---- DATA
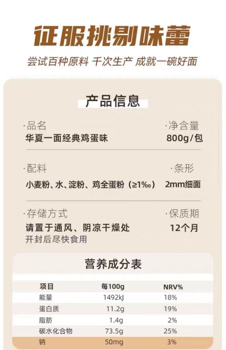 陈克明 华夏 鸡蛋面 800g*3袋 红色(单位:份)
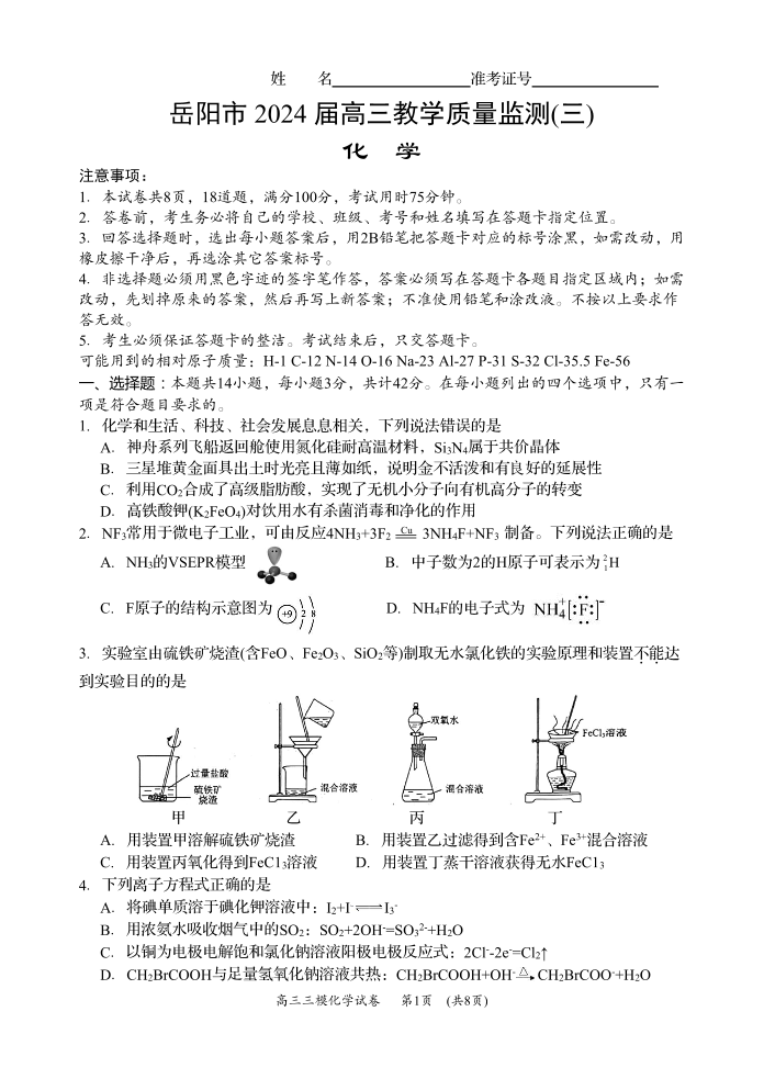 湖南省岳阳市2024届高三教学质量监测(三)(岳阳三模)化学
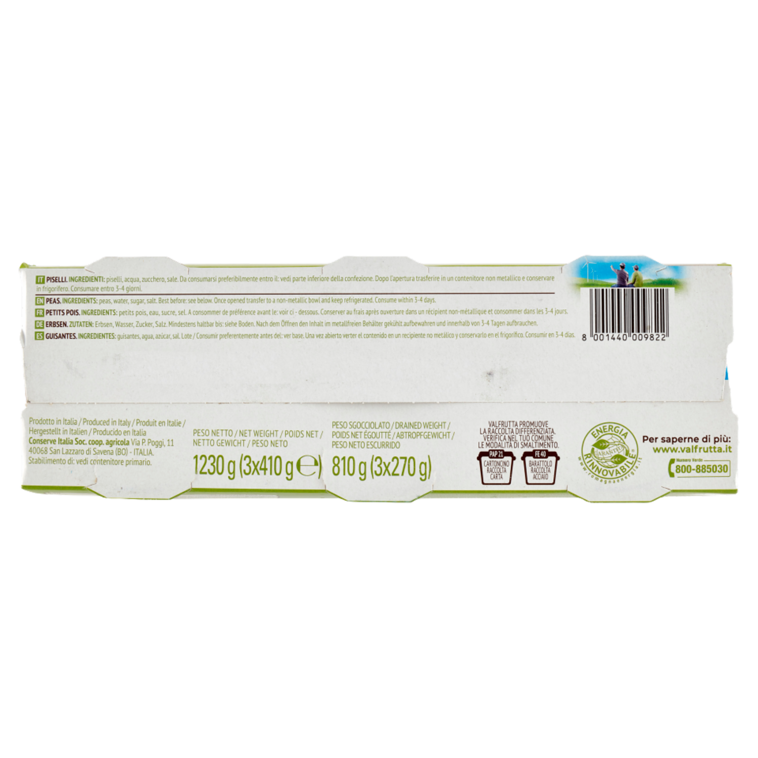 Valfrutta Piselli Piccoli Italiani 3 x 410 g
--------
WORK INSTRUCTIONS:
For this exercise, transcribe the data exactly but without its pictures.

WRITTEN SOLUTION:
 陈克明 华夏 鸡蛋面 800g*3袋 红色(单位:份)
 湖南省岳阳市2024届高三教学质量监测(三)(岳阳三模)化学
 Valfrutta Piselli Piccoli Italiani 3 x 410 g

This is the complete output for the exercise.